**Instructions for the task**
Find the line below with "Ignis 2 flying on M600 Pro" and the line with "19. Ficus binnendykii 'Alii' (narrowleaf fig)". Output them and the lines between, exactly, but not the pictures.

**Given data**
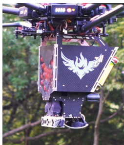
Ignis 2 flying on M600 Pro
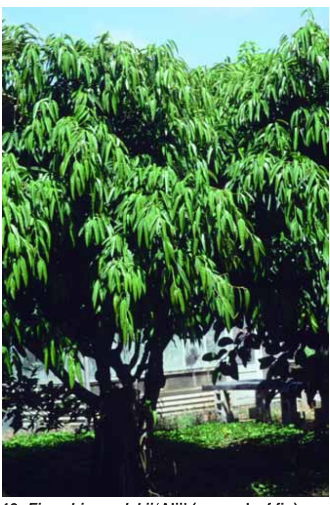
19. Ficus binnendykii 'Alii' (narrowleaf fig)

...

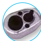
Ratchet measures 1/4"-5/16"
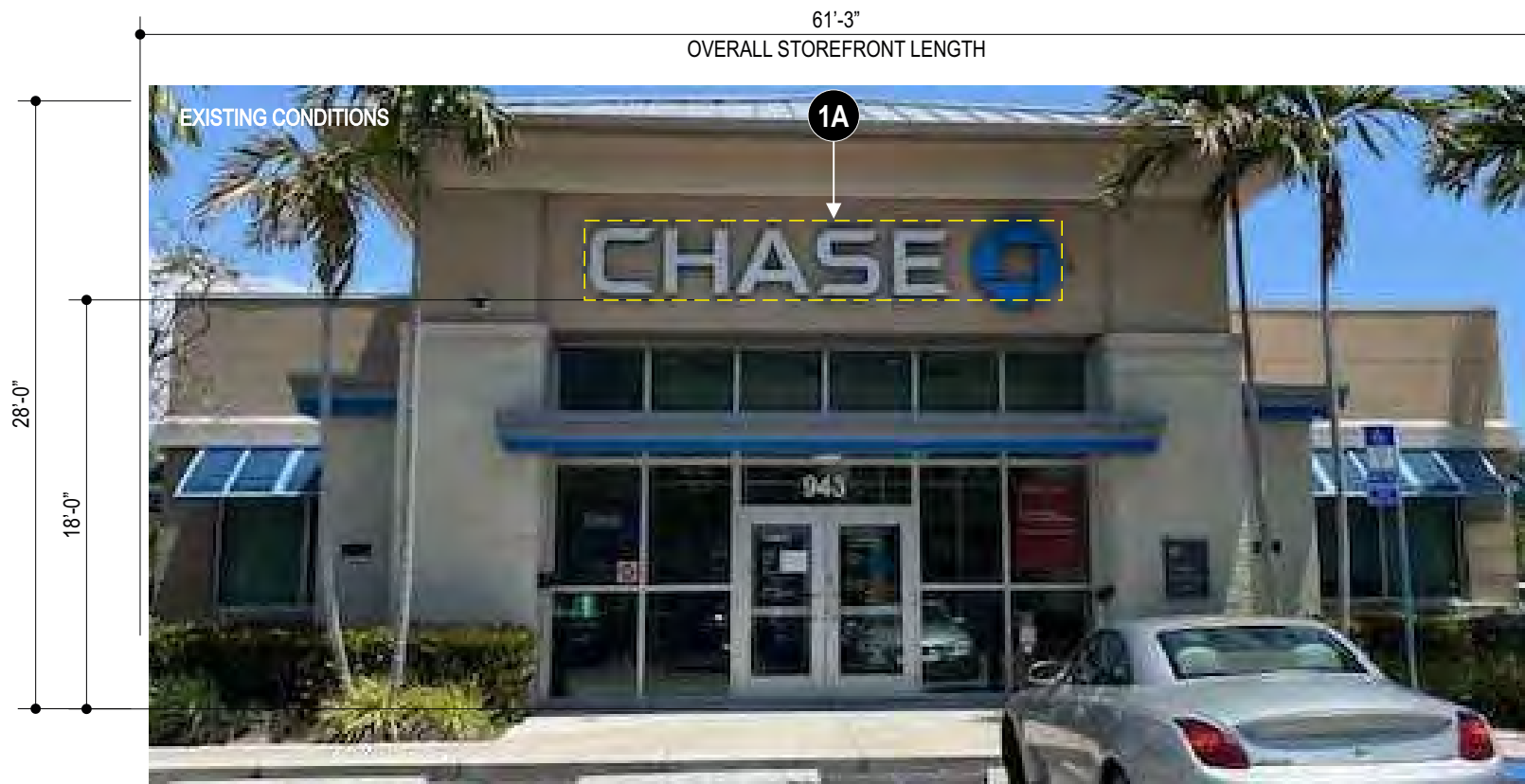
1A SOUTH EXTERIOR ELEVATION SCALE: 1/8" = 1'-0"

**Expected answer**
Ignis 2 flying on M600 Pro
19. Ficus binnendykii 'Alii' (narrowleaf fig)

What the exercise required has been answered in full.